Race is a play by David Mamet that premiered on Broadway in December 2009. Mamet has stated that the intended "theme is race and the lies we tell each other on the subject."

==Plot==
A racially charged sex crime takes place which leads to charges being made against Charles Strickland, a wealthy resident in his town. He quickly goes to his friend Jack Lawson, a criminal attorney, and retains him to defend his case. Lawson agrees and begins to rely on help from a young black attorney he calls Susan working in his three-lawyer office. As evidence and police reports begin to accumulate for the preparation of the defense of the case, Jack begins to suspect deep flaws in the police investigation of the crime scene. He notes that although the crime reports clearly identify the crime victim as having worn a red sequin dress on the night of the sex crime that something is wrong with the details in the police reports. From his personal experience, he explains to his fellow law office partners (Susan and Brown) how fragile sequin dresses are in general, and how even the slightest incident of jarring or simple out-on-the-town wearing of a sequin dress inevitably leads to sequins popping and falling off almost without any provocation whatsoever. However, the police reports, although otherwise seeming to be thorough, do not mention red sequins being missing or lying around the victim's room in question where an apparent extensive struggle had taken place. The other law partners are impressed by the startling omission, and all three partners come to the conclusion, with increasing and visible confidence before each other, that this omission by the police is very deeply flawed. They are convinced that the credibility of the police reports cannot withstand questioning in the courtroom. All three lawyers feel that their client will be exonerated.

The next day, however, news come to the lawyers that a maid in the hotel has "remembered" that she saw sequins under the bed. In the process of further interviews with his client, discussions with his partner, and with Susan, Jack becomes aware of even further complications in the case. The ethnic prejudices of his old friend whom he is defending turn out to be highly suspect and pejorative. More importantly, he begins to suspect that Susan's hand in the activities taking place in the law office after receiving the case may be tainted. Susan turns out to have strong feelings about racially motivated sex crimes and she is far from unbiased in the representation of the case. As Jack continues to quiz her and challenge her on her own beliefs it becomes clear that Susan had come to play a part in the statement of the maid materialising overnight and invalidating the fragile sequin theory the partners were planning to use. It becomes clear by the final curtain that Susan had leaked the information concerning the basis of Jack's planned defense, the fragile sequin theory, to the police and/or DA. It becomes clear that Susan had done this in order to influence the outcome in a matter of justice involving a question of bigotry and of race.

==Cast and characters==
- Susan - Kerry Washington, replaced by Afton C. Williamson June 13, 2010
- Henry Brown - David Alan Grier, replaced by Dennis Haysbert June 22, 2010
- Jack Lawson - James Spader, replaced by Eddie Izzard June 21, 2010
- Charles Strickland - Richard Thomas

==Productions==
Race premiered on Broadway at the Ethel Barrymore Theatre on November 16, 2009, in previews, officially on December 6, 2009, closing on August 21, 2010, after 23 previews and 297 performances. Directed by Mamet, the cast included James Spader, David Alan Grier, Kerry Washington, and Richard Thomas. Scenic design was by Santo Loquasto, lighting design by Brian MacDevitt and costume design by Tom Broecker. David Alan Grier was nominated for a Tony Award for Best Performance by a Featured Actor in a Play. Mamet stated that the intended "theme is race and the lies we tell each other on the subject."
The producers announced on April 21, 2010, that the play had recouped its investment, making it the first new play to recoup on Broadway in the 2009–2010 season.

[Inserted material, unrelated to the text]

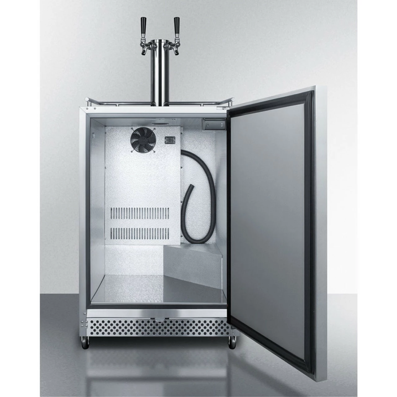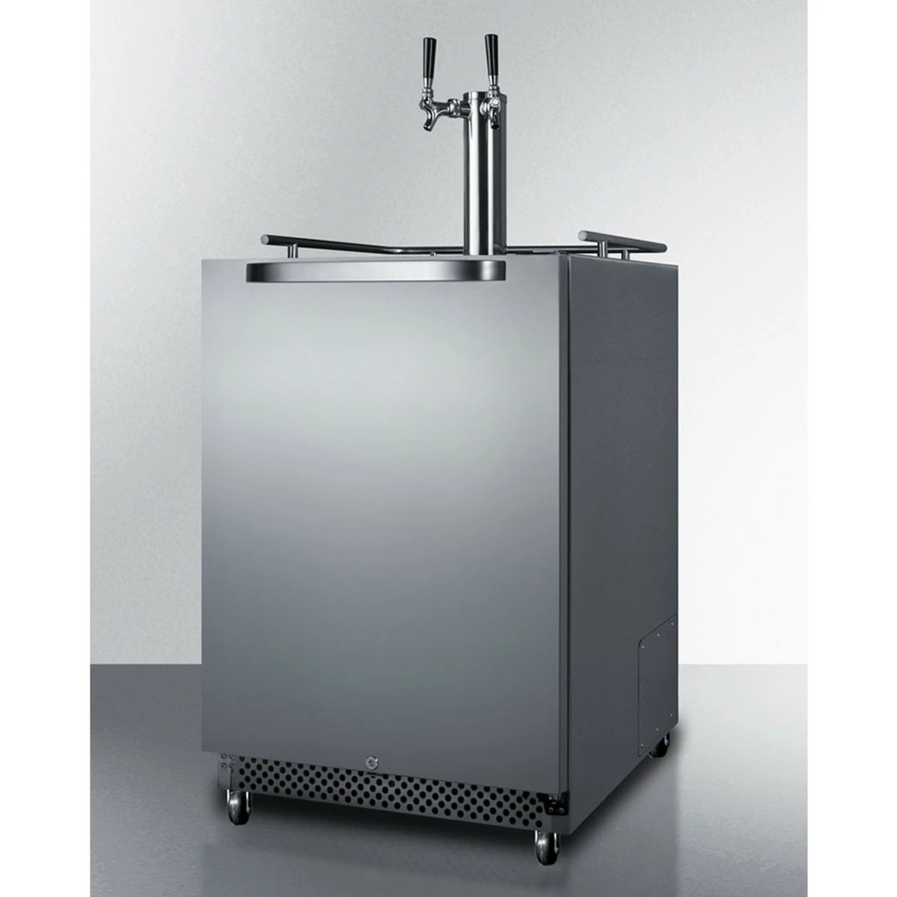 With a flexible design allowing for built-in or freestanding use in 24″ spaces, casters on the bottom for easy transport, and weather resistance, your home or commercial kegerator is unstoppable, ready to roll in any location.

The play has been produced in US regional theatres, such as at the Goodman Theatre in Chicago in 2012 and Next Act in Milwaukee in 2014.

The play made its Canadian premiere in Vancouver in November 2012, produced by Mitch and Murray productions with a cast that included Aaron Craven, Marsha Regis, Craig Erickson and Kwesi Ameyaw. The production was nominated for a Jessie Richardson award for outstanding performance by a supporting actress for Marsha Regis.

Canadian Stage's production ran from April 7 to May 4, 2013, at the St. Lawrence Centre in Toronto, Ontario. The cast included Jason Priestley, Matthew Edison, Nigel Shawn Williams and Cara Ricketts. Williams garnered a Dora Mavor Moore Award nomination for Outstanding Performance by a Male in a Principal Role – Play for his performance.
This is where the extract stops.